Liquidity Deflation
CLUB/EDGE client post Saturday, September 7th, 2024. Focus on My World View, and how #HFL & #SoftLanding mantras will be too late - as assets deflate.
» CLUB/EDGE client post SEPTEMBER 7th, 7:49 AM ET.
Sad Start To September!
Nasdaq 100 plunged 5.9% in worst week since Nov 2022 while the S&P 500 dropped 4.3% in worst week since March 2023.
I did a whole pre-market rant in my live trading room Friday for clients to be careful. Please have another read of my Friday morning market thoughts, and have a listen to my live trading room recording to hear more on my 'trader's gut' read on risk big picture.
So after my warnings, I gave several short price targets for indices + stocks live in my trading room.
From trend reversals in the making (semis, FANG) to ones just starting to roll-over (banks, insurance). Even a Friday Lotto!
Ex: QQQ opened at 460 + I gave 450P with these exact levels I fully expected to hit for the day: 454.37, then 450.45, 499.34 with overshoot to ... (wait for it) $447.30. I even said how I expected the $450 level to trigger profit taking - for puts to get monetized - but then to watch as we head lower into...447.30 as overshoot PT by end of day.
We closed at $448.69 but continued lower into 446 afterhours!!
Bulls better hope we gap down on Monday & dip gets bought!
My World View
I was on the other side of #Higher-For-Longer since early May & I am on the other side of #SoftLanding since early July.
I have expressed this sentiment repeatedly since June that:
"I expect a bear market into H2 2024 & 2025 caused by falling global credit demand, larger-than-expected rate cuts, a slowing U.S. economy with higher unemployment, not to mention lower oil prices and crashing lower yields.
I think election risk is underpriced and $NVDA, #Bitcoin and #AI are grossly overvalued."
My repeated mantra is that we have begun a #GlobalLeverageUnwind.
This above/new view is VERY different from my strongly-held bearish stance from since August 2020 when I said "Bonds are done going up."
Ironically, it took awhile, but now everyone is a bond bear and inflationista!
Exactly when I flipped 180 degrees this past Spring!!
Honestly, find me a macro head who is not in the #HFL crowd who sees RESURGENT INFLATION.
I know all the good reasons, but that doesn't make it a sure thing.
Bond market is pricing in 200bp of aggressive rate cuts in the next year.
Maybe they are right and macro #SoftLanding folks are just dead wrong?
I feel compelled to continuously lawyer that trade for clients - by assessing the bull & bear case for inflation AND deflation!
"Your ability to radically change your mind when the facts change, and to avoid a rigid and dogmatic PoV is one of your best qualities."
Observant CLUB Member
Remember my post July 26th:
Early still, but I see this as A TOPPING pattern of mean-reversion. Clients know my my growth/value ratio charts.

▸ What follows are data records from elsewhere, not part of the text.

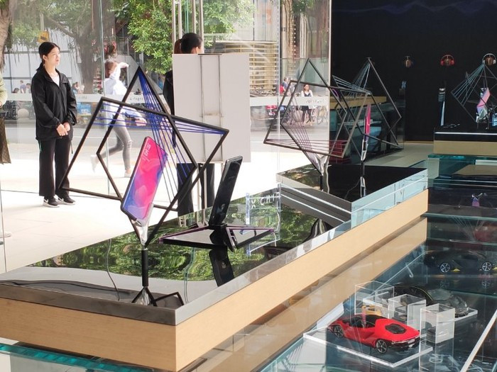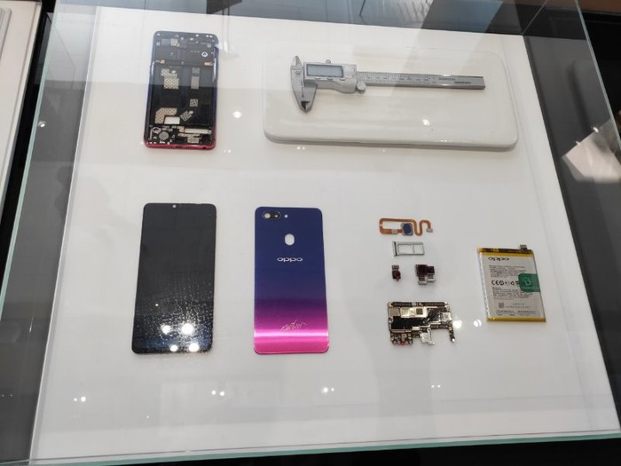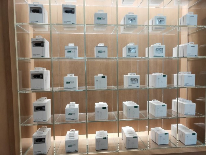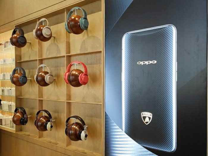 Xen kẽ các kệ trưng bày smartphone là những tai nghe cao cấp do Oppo sản xuất, bên cạnh đó hãng còn trưng bày cấu tạo của một chiếc smartphone để người dùng hình dung. Cũng tại các kệ này người dùng sẽ được chiêm ngưỡng các mô hình hãng xe Lamborghini, một đối tác của Oppo trong việc kết hợp sản xuất điện thoại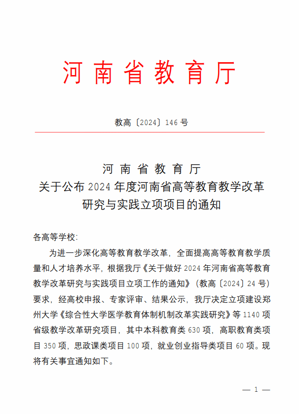 立项2024年度河南省高等教育教学改革研究与实践项目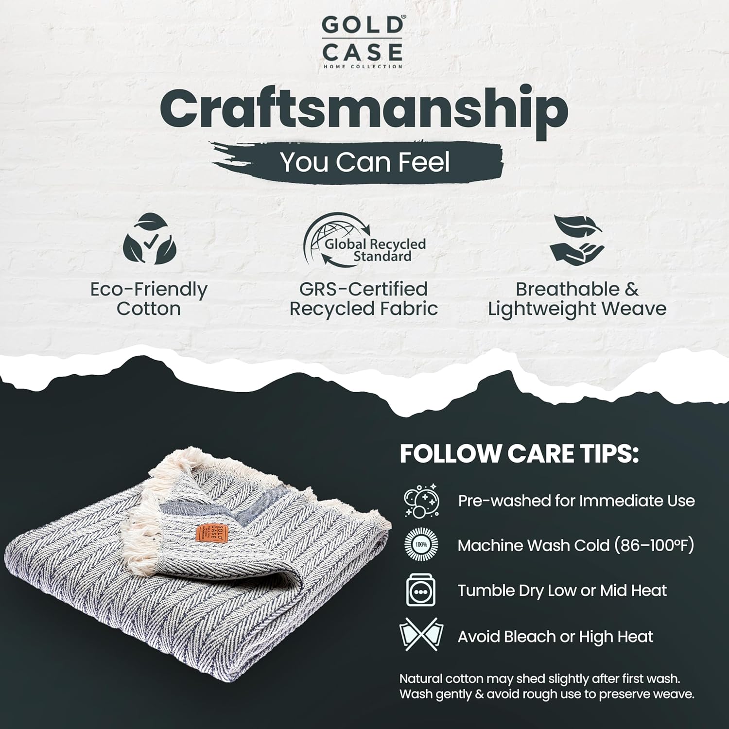 Gold Case Throw Blanket for Couch – 100% Recycled Turkish Cotton Blankets & Throws – Elegant Decorative Throw Blankets for Living Room Sofa – Woven Throws for Couch – Vintage Navy Blue – 60x80

In particular, my RSP:SPY at extremely oversold/overbought levels in the process of reverting higher from below 2003 lows.
We haven't even made it to 2009 lows let alone 2020 Covid lows.
Lots of room.
For now, yes, NDX + SPX can rally back up to trap complacent bulls (post FOMC/QRA), but it will be at risk as:
Unemployment Rate moves > 4.2%
10Y yield < 4.2%
2Y yield falls < 4.2%
Yen strengthens
And derisking of MAG7 concentration risk continues.

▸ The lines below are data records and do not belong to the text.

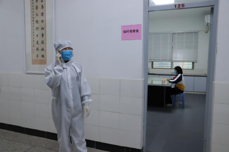 演練中,發(fā)現(xiàn)1名“學(xué)生”有發(fā)熱情況,值班行政迅速將其帶到空曠地再次檢測(cè)體溫,經(jīng)再次確認(rèn)發(fā)熱后,啟動(dòng)應(yīng)急預(yù)案,帶至臨時(shí)留觀室進(jìn)一步檢測(cè),詢問(wèn)該“學(xué)生”相關(guān)情況及近期活動(dòng)軌跡等,并記錄相關(guān)數(shù)據(jù),分級(jí)上報(bào)、通知家長(zhǎng)、送醫(yī)治療,人員離開(kāi)后進(jìn)行噴藥消毒……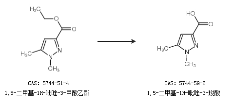 1.通过1,5-二甲基-1H-吡唑-3-甲酸乙酯合成1,5-二甲基-1H-吡唑-3-羧酸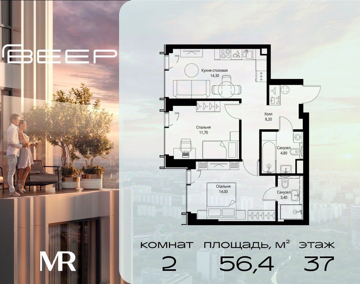 Продаётся 2-комнатная квартира общей площадью 56.40 м² с предчистовой отделкой в ЖК Веер на 37-м этаже 59 этажного дома.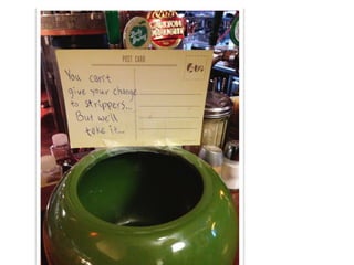 Ken collects tip bowl signs that he displays in his home. He has amassed a large collection of signs over the years from restaurants that have closed or remodeled. Ken enjoys sharing photos of his collection online and hearing stories from others about the restaurants and signs.

"One More High" is high probability, but with Global Central Banks now cutting rates as demand for credit falls, we are on the cusp of pulling forward recession risk from 2025.

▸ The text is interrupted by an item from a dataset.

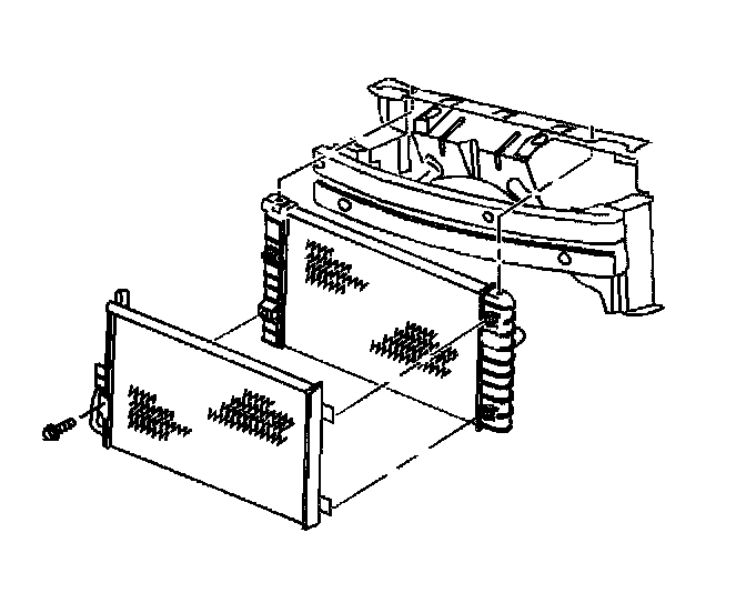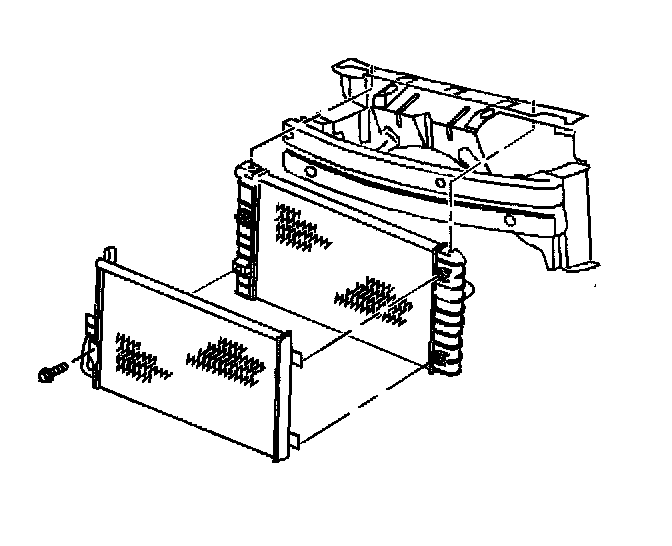 19. Remove the condenser from the radiator, if equipped. The radiator can be removed without discharging the A/C System.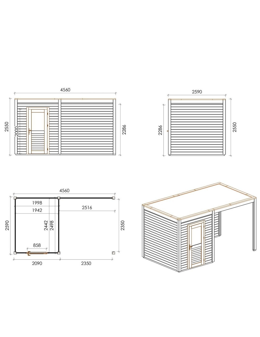 Die Fotos zeigen das Holzhaus 000088 mit der Fläche von 11.81 m2, Frontbreite von 4.56M und Tiefe von 2.59M.

And with the US 10 year yield >100 basis points below the Fed Funds Rate, Fed is behind the curve.
I continue to expect the narrative to switch from inflation to deflation into year-end.
Fast forward six weeks, and my predictions are only getting stronger.
For example, the 10Y yield took out my line-in-sand 3.8% level on Aug 5th. Today, it hit an intraday low of 3.65 before closing at 3.71%.
Crude oil is also tempting fate with a close below $70, again.
I only await a trigger of jobless claims spiking above 267K!
THIS will be my deflation view confirmed: Deflation of ASSETS.
In the meantime, the #HFL crowd sees RESURGENT INFLATION, and I understand why they could see this: Rising Fiscal Deficits, Rising Fiscal Dominance, etc.
But I see the exact opposite now as EVERYTHING changed (for me) in March, confirmed in April, and I doubled down in May.
I am Uber-bearish oil & yields & equities big picture.
I am Uber-bullish bonds & defensive stocks & cash big picture.
I call it: LIQUIDITY DEFLATION
And it is likely a last chance to get PAID TO WAIT in high yielding bills, notes and bonds for a few years.